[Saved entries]

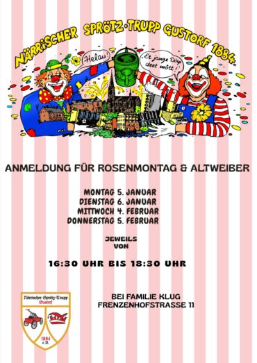 Aus versicherungstechnischen Gründen ist es unbedingt erforderlich, dass alle Fuß – und Wagengruppen, die am Rosenmontagsumzug teilnehmen, gemeldet sind. Wir erheben daher pro Zugteilnehmer eine Versicherungsgebühr von 5,00€. Kinder bis 14 Jahren müssen gemeldet werden,[…]
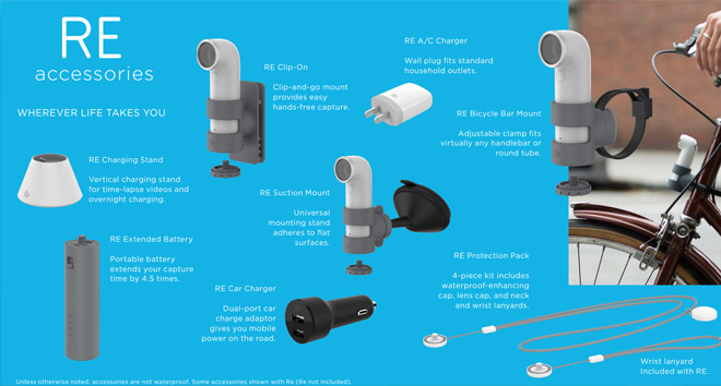 Η RE πρόκειται για μια πολύ μικρή, λεπτή και ελαφριά κάμερα που για σκόπευτρο και οθόνη χρησιμοποιεί το κινητό με το οποίο συνδέεται μέσω Bluetooth 4.0 ή Wi-Fi 802.11 a/b/g/n (Wi-Fi Direct). Η χρήση της είναι αρκετά απλή: με το πάτημα μιας φοράς του κύριου κουμπιού στο πίσω μέρος τραβάς φωτογραφίες, με το συνεχόμενο πάτημα ενεργοποιείται η εγγραφή βίντεο, ενώ με το πάτημα του μπροστινού κουμπιού αρχίζει η εγγραφή βίντεο αργής κίνησης. Η σύνδεση γίνεται με όλα τα Android (με 4.3 ή νεότερη έκδοση) και αργότερα με Apple συσκευές με iOS 7 ή νεότερη έκδοση, και για να δείτε τις λήψεις, ή να τραβήξετε νέες εικόνες/βίντεο, χρειάζεστε την αντίστοιχη επίσημη εφαρμογή.
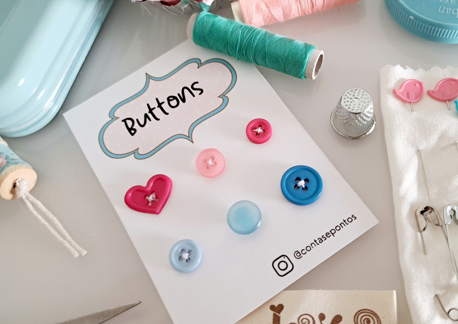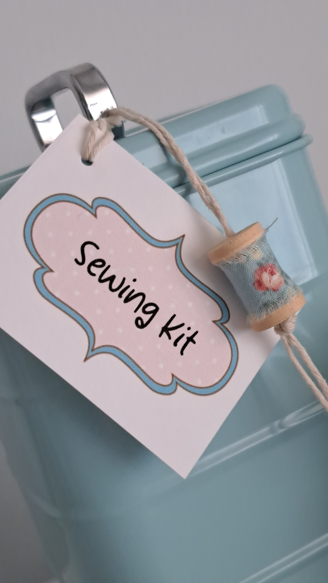 • Kit de costura com máquina azul, botões, alfineteiro cupcake e acessórios
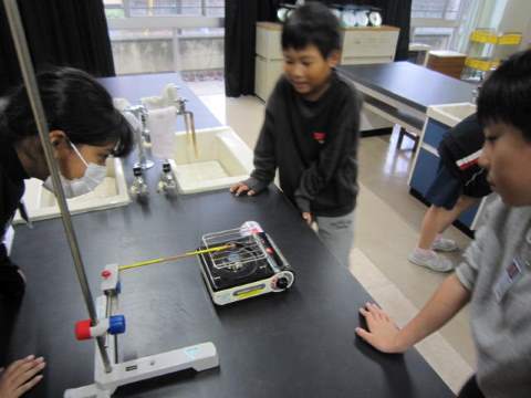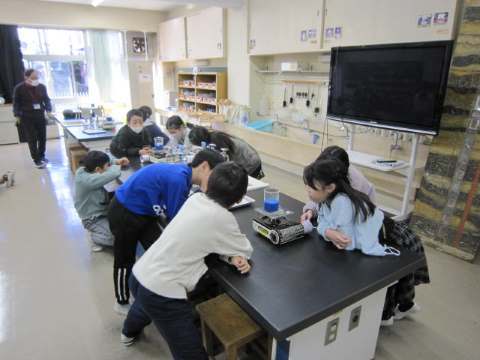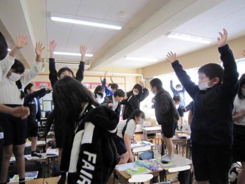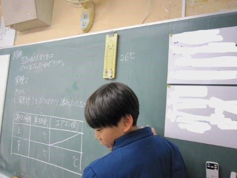 4年生は教室で「空気のあたたまり方」を学習しました。どうして教室の上と下で温度が違うのか。子どもたちは予想をもとに、空気の動き方について考えました。また、机の上に立って実際に教室の上の空気が温まっていることを確認しました。
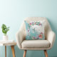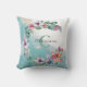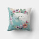 Personaliseer dit vierkante gooi kussen en maak direct elke kamer van jou! Prachtig waterverf bloemontwerp met je initiaal en naam in het midden op een turquoise blauw-witte achtergrond met glitterachtige accenten.
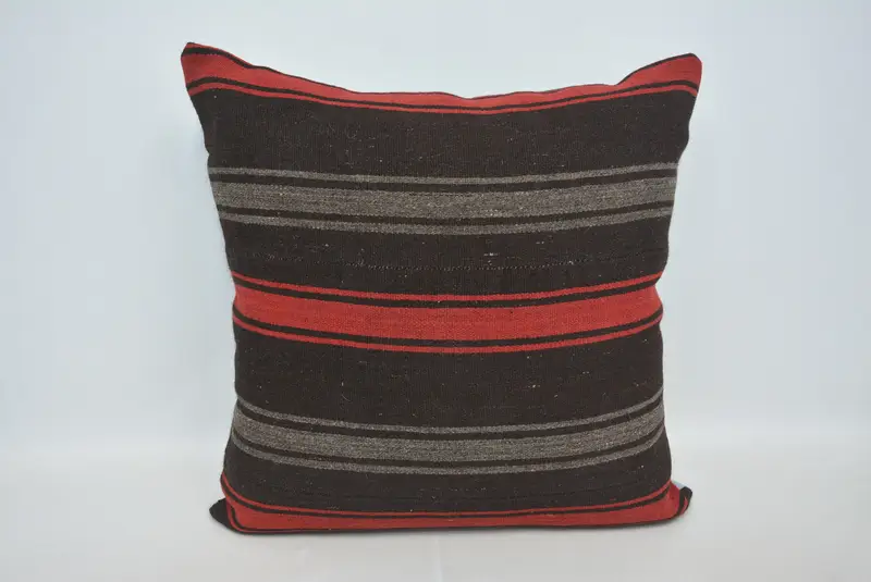 Handgefertigtes 32x32 braunes und rotes Wurfkissen, besticktes Kissen
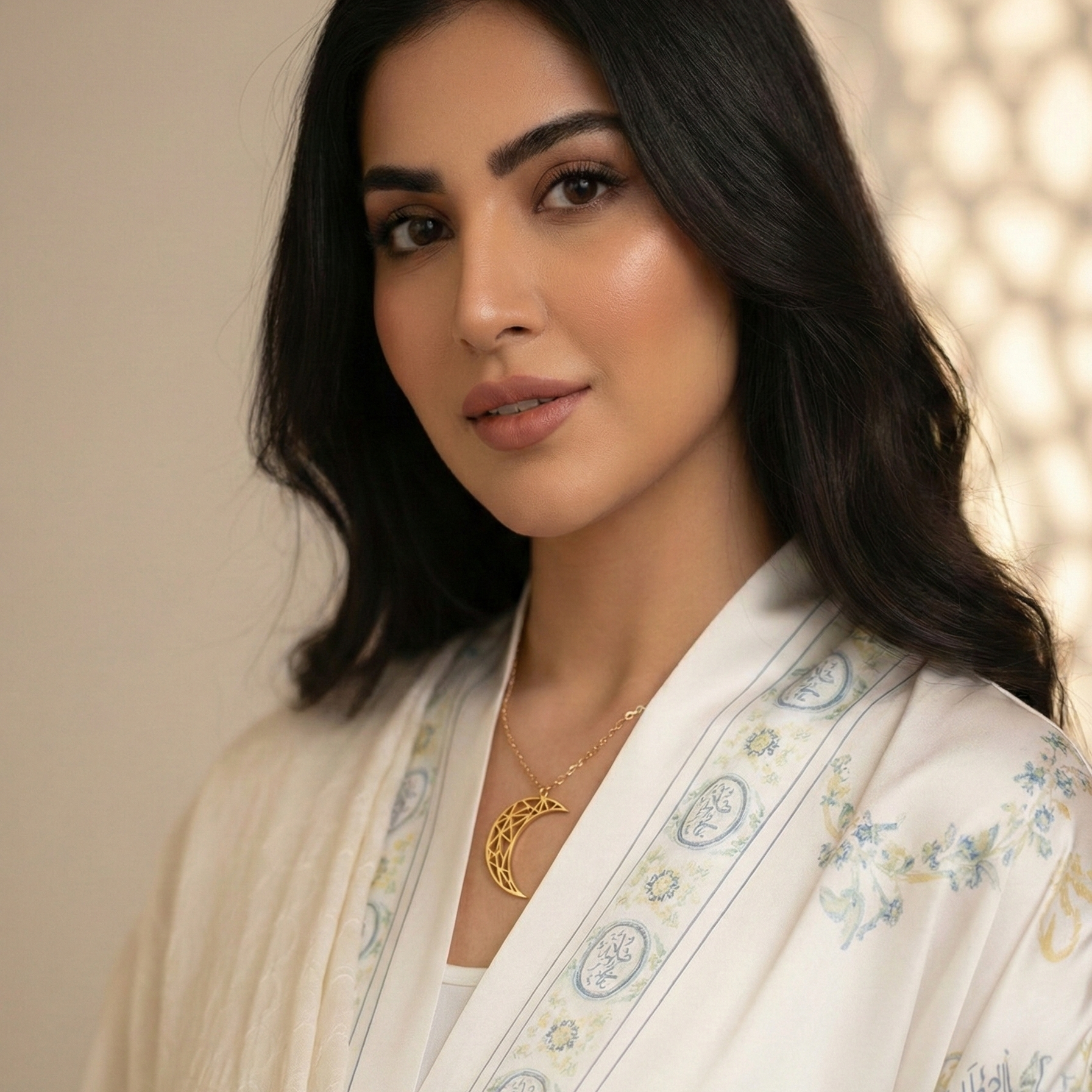 A modern tribute to architectural heritage, this necklace features a stunning crescent moon pendant defined by an intricate, laser-cut geometric lattice. The openwork design creates a captivating play of light and shadow against the skin, reminiscent of traditional mashrabiya patterns. Suspended from a delicate, high-polish gold-plated chain, making it an essential statement for the modern woman.
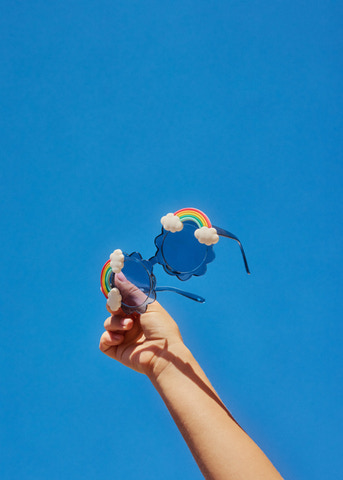 Regnbåge Solglasögon - Sparkling Sea från Molo är ett par solglasögon som verkligen sticker ut! Med sin fantasifulla regnbågs- och molndesign blir de snabbt en favorit hos alla barn som älskar färg och lek. Glasögonen är tillverkade i slitstark polykarbonat, vilket gör dem både lätta och tåliga för lekfulla dagar utomhus. De blåtonade linserna ger ett effektivt UV-skydd för ögonen, så att ditt barn kan vistas i solen på ett säkert sätt. Perfekta för både stranden, parken och vardagens äventyr – och dessutom riktigt bekväma att bära hela dagen!

• [EXERCISE PROMPT]: An exact copy of the lines from the one with "A modern tribute" through the end of the records: produce that and nothing more, leaving out the pictures.

• [ANSWER FOR THE TASK]:
 A modern tribute to architectural heritage, this necklace features a stunning crescent moon pendant defined by an intricate, laser-cut geometric lattice. The openwork design creates a captivating play of light and shadow against the skin, reminiscent of traditional mashrabiya patterns. Suspended from a delicate, high-polish gold-plated chain, making it an essential statement for the modern woman.
 Regnbåge Solglasögon - Sparkling Sea från Molo är ett par solglasögon som verkligen sticker ut! Med sin fantasifulla regnbågs- och molndesign blir de snabbt en favorit hos alla barn som älskar färg och lek. Glasögonen är tillverkade i slitstark polykarbonat, vilket gör dem både lätta och tåliga för lekfulla dagar utomhus. De blåtonade linserna ger ett effektivt UV-skydd för ögonen, så att ditt barn kan vistas i solen på ett säkert sätt. Perfekta för både stranden, parken och vardagens äventyr – och dessutom riktigt bekväma att bära hela dagen!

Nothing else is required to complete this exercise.